The evening of that same day

I visited a beautiful friend of mine who is dying

from the same damn pink elephant of a cancer

that doubles as a pink monkey on my back.

I took her some groceries

But no apples.

She didn’t ask for any and I didn’t buy any.

Her husband said maybe some Lucky Charms.

So I brought the biggest damn box I could find, and some milk.

And since Valentine’s Day was around the corner—

Which feels very far away when your friend is dying—

I found a Dorie from Finding Nemo Pez dispenser—

Which seems like a funny Valentine—

But I never ever saw anyone keep on swimming

Like she kept on, keeping on swimming.

But I know how this story goes and I know she finds Nemo.

I’ve been taking my time

Eating mine

But my Pez dispenser is empty.

Oh, my heart.

This scar.

And this scar

Beneath the pink ribbon

Beneath this big c

(I copy”write” that shit)

I used to suck on a green apple Jolly Rancher

To keep me from the hurly burleys

From the tin taste when they accessed the port

To pour in the poison

—24 chemo cocktails

Damn, bartender.

Still…paying that big damn tab.

You’d think I hate green apple Jolly Ranchers by now

But I don’t.

They remind me I’m alive.

And that sometimes even when reality bites

It can be sweet.

And I’m thankful they “handled” the aftertaste”

Of accessing the port

Cuz that poison “handled” the cancer.

God damn cancer.

Where’s that gavel?

*******

My beautiful friend died at 8:04 yesterday morning.

Yesterday…

Today…

Tomorrow.

Reality

Really

Fucking

Bites.

I-can-barely-swallow-i-can-barely-breathe-i-feel-like-i-am-choking-on-this-damn-apple

I can try and spit it out all I want

—And I want

But there it is

Right here

on the floor next to me.

I can try and wipe away the bitter aftertaste

But I don’t have any sleeves.

And even if I did,

The spooge would be on my sleeve.

I’d still smell it.

I can try and step on it

Smash it into the ground

This same ground

But we’ve been there before

It stuck on my shoe

And all I did was make a little

Applesauce.

I can try to kick it.

Been there, done that

Made a mess.

And it’s going to take more than Bounty to wipe up this mess and put it

In the trashcan.

I wish it were that easy.

But fuck easy.

Fuck cancer.

If Dorie can find Nemo

Surely we can find a cure.

3 comments

  1. Anne Etges says:

    good, very very good.

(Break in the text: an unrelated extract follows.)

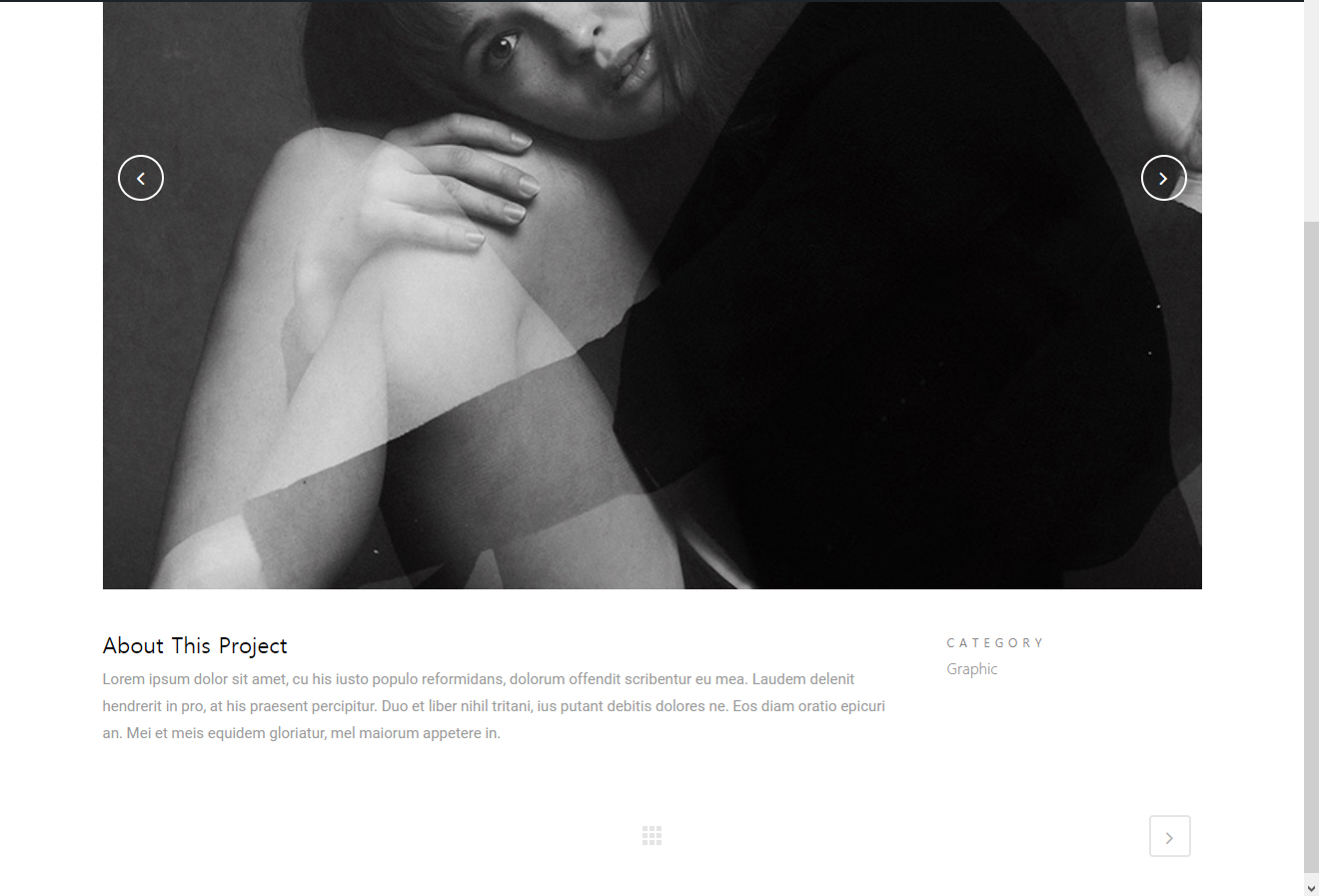 개별 포트폴리오 페이지에는 그림과 같이 포토폴리오 슬라이더가 상단에 표시되고 아래에 포로젝트 관련 설명이 표시됩니다.

Well written, well spoken, Beautiful sentiment. All the right anger in all the right places. Thanks for your words. Some bit of comfort in the grief that is V’s passing.

  2. hgslg3838 says:

    Reblogged this on When the Going Getz Tough and commented:
    Wow I love this poem. I have been feeling the same way as I just found out my cousin’s Grandpa’s cancer is back and a friend, who has been fighting cancer, just found out his wife is now going to fight breast cancer. When will this end? Today is National Cancer Day but every day is Cancer Day to me and always will be because I can’t get away from it. I can’t escape it. It is around every corner. It is enough to drive one crazy if one lets it. Joules thank you for putting what all of us as survivors feel into words.